At least two major battles for the history of the Church and her expansion will have their centennials celebrated this year. One is arguably one of the major turning points of the entire History of mankind, as it ended persecution against the Church and lay the foundation of the Christian Era - the Battle of the Milvian Bridge, which we will remember and celebrate in October.
But 800 years ago another major battle was about to take place in Andalusia. There was nothing inevitable about the Reconquista, on which so much of the History of the world as we know it would depend, due to the disproportionate influence that the quest for evangelization and discoveries would grant to the poor depopulated kingdoms of what was then largely known as "the Spains" (the Iberian Peninsula).
In the decades prior to 1212, the Reconquest had come to a halt. The Almohads, battle by battle, advanced to the greatest extent of Muslim domination in the Peninsula in centuries. In 1211, the Caliph himself crossed the Straits of Gibraltar with tens of thousands of his soldiers. 1212 would be the year that would decide if the Spains would ever be completely Christian once again.
Earlier in 1212, the King of Castille had sent an embassy to Pope Innocent III asking for a special Bull granting the privileges of Crusade to those warriors from all over Christendom who would go to Spain to aid a struggle that was common to all - a request granted by the Pope.
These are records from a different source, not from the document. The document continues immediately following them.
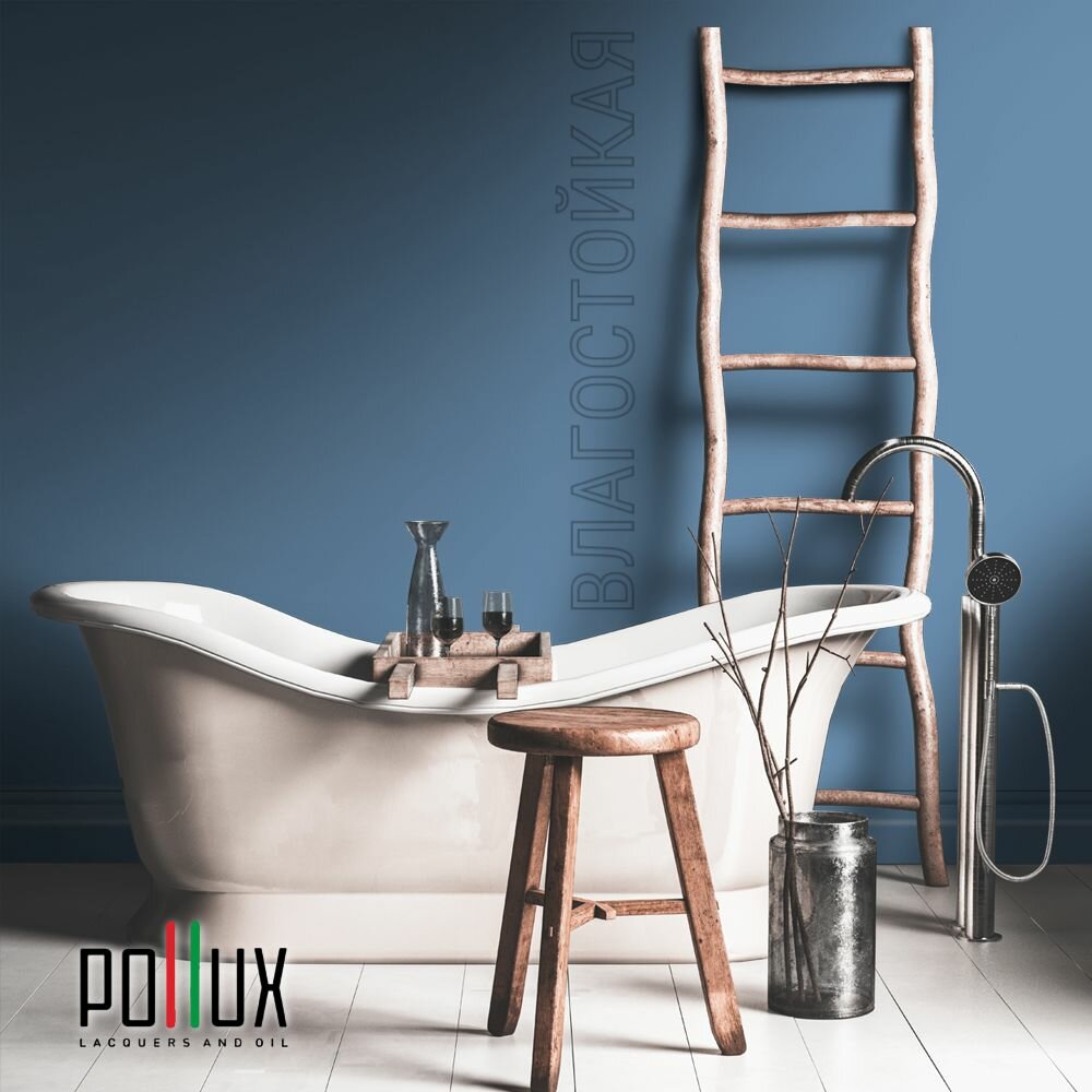 Краска моющаяся интерьерная для стен и потолков, Pollux INTERIOR без запаха, быстросохнущая, акриловая, матовое покрытие, цвет NCS S 8010-R90B, 1л.
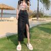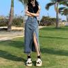 Irregular Split Denim Skirt Women's Raw Edge Casual Pear Medium Long A Line Half Bodycon Hip Skirt
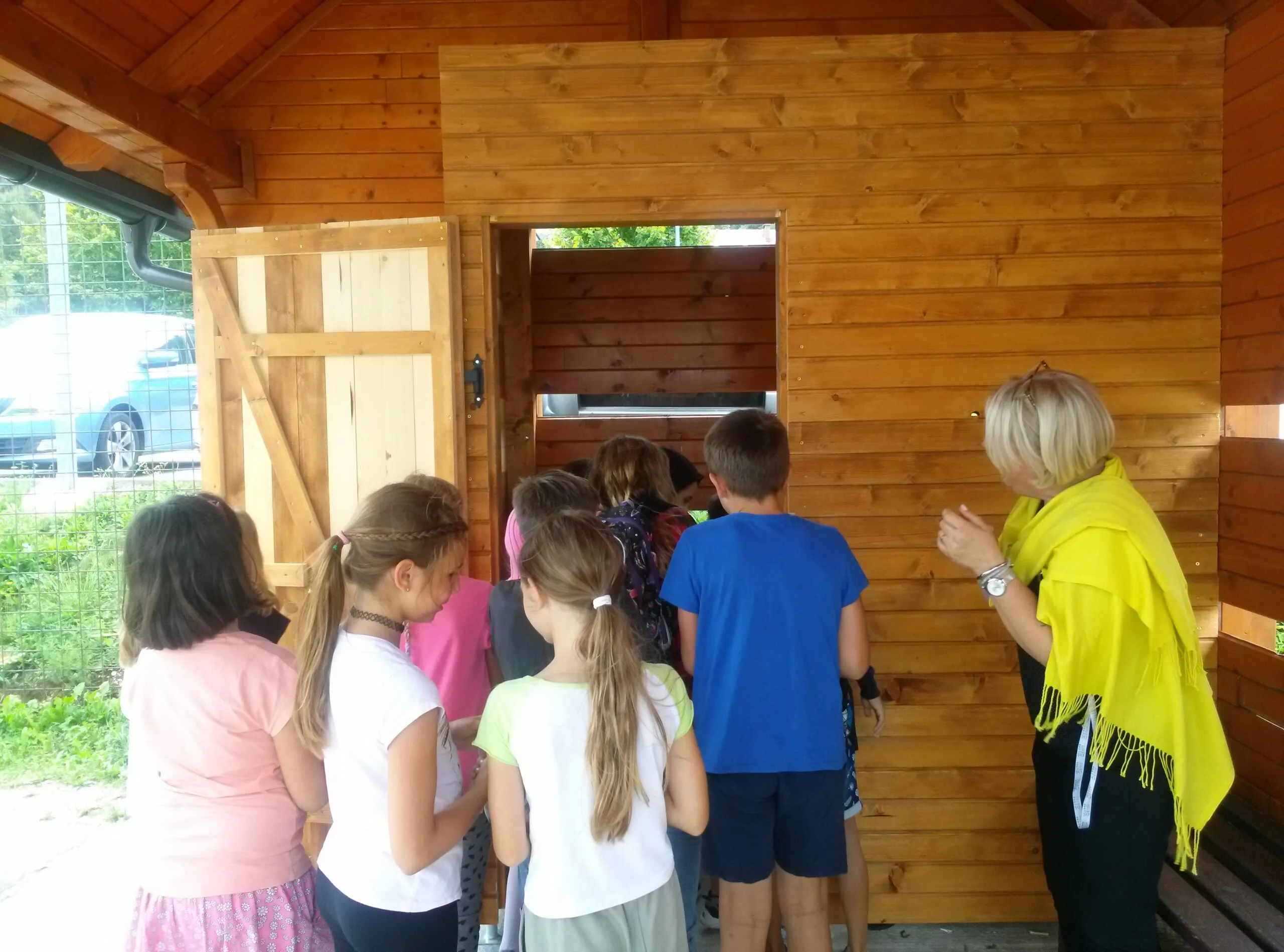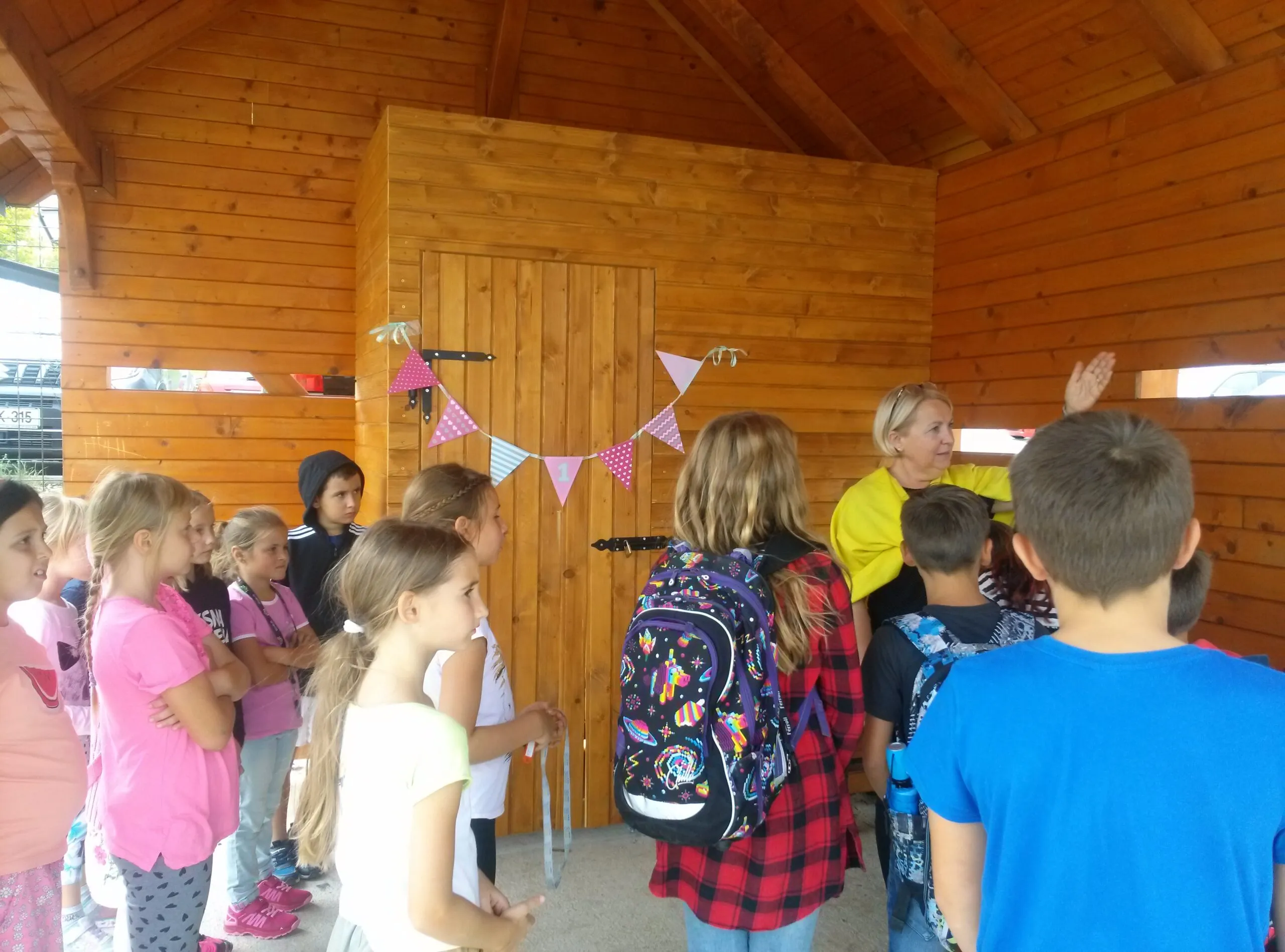 Danes, 1. 9. 2022, na prvi šolski dan, smo skupaj z učenci podaljšanega bivanja odprli vrata lesene hišice na šolskem igrišču in odkrili, kaj se skriva za njimi.
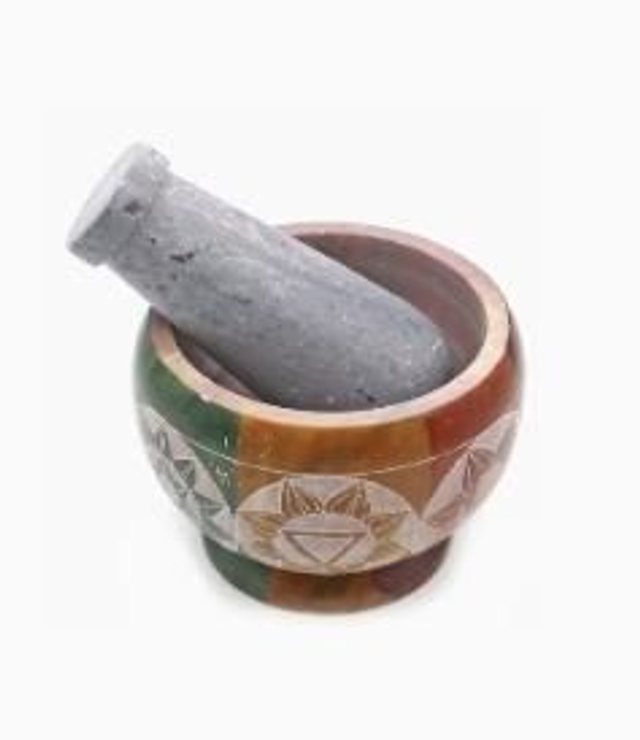 7,5 cm x 9,5 cm. Vuolukivimorsetti & survin, monivärinen 7 chakraa
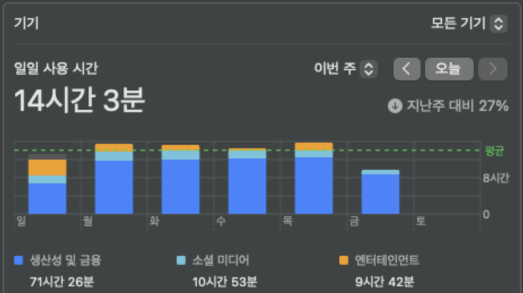 월-금, 일일 평균 노트북 사용시간 12시간
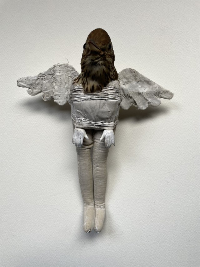 POUPÉE N°617 – Corps poupée ancienne – Céramique – Ailes d’oiseau. 25 cm x 30 cm

In fact, in the Eternal City itself, the Wednesday following the Sunday of the Most Holy Trinity in 1212 was dedicated to public penance, prayers and processions led by the Pontiff himself for the success of Christian troops in Spain.
The armies of Christian kingdoms in the Spains (Castille, Portugal, Navarre, Aragon), as well as volunteers from Leon and from all Christendom, particularly France, met the Almohad forces on Monday, July 16, 1212, in sweltering fields and hills of the Sierra Morena not far from Jaén: it would be the Battle of Las Navas de Tolosa, won by Christian forces.
Muslim forces in Spain would be in permanent retreat, soon limited to the Emirate of Granada, itself finally conquered in the fateful year of 1492, well after the first Iberian seafarers had left the European mainland with a crusading spirit that would conquer half the world and take the faith of the Church of Rome to previously unknown or unreachable lands and peoples.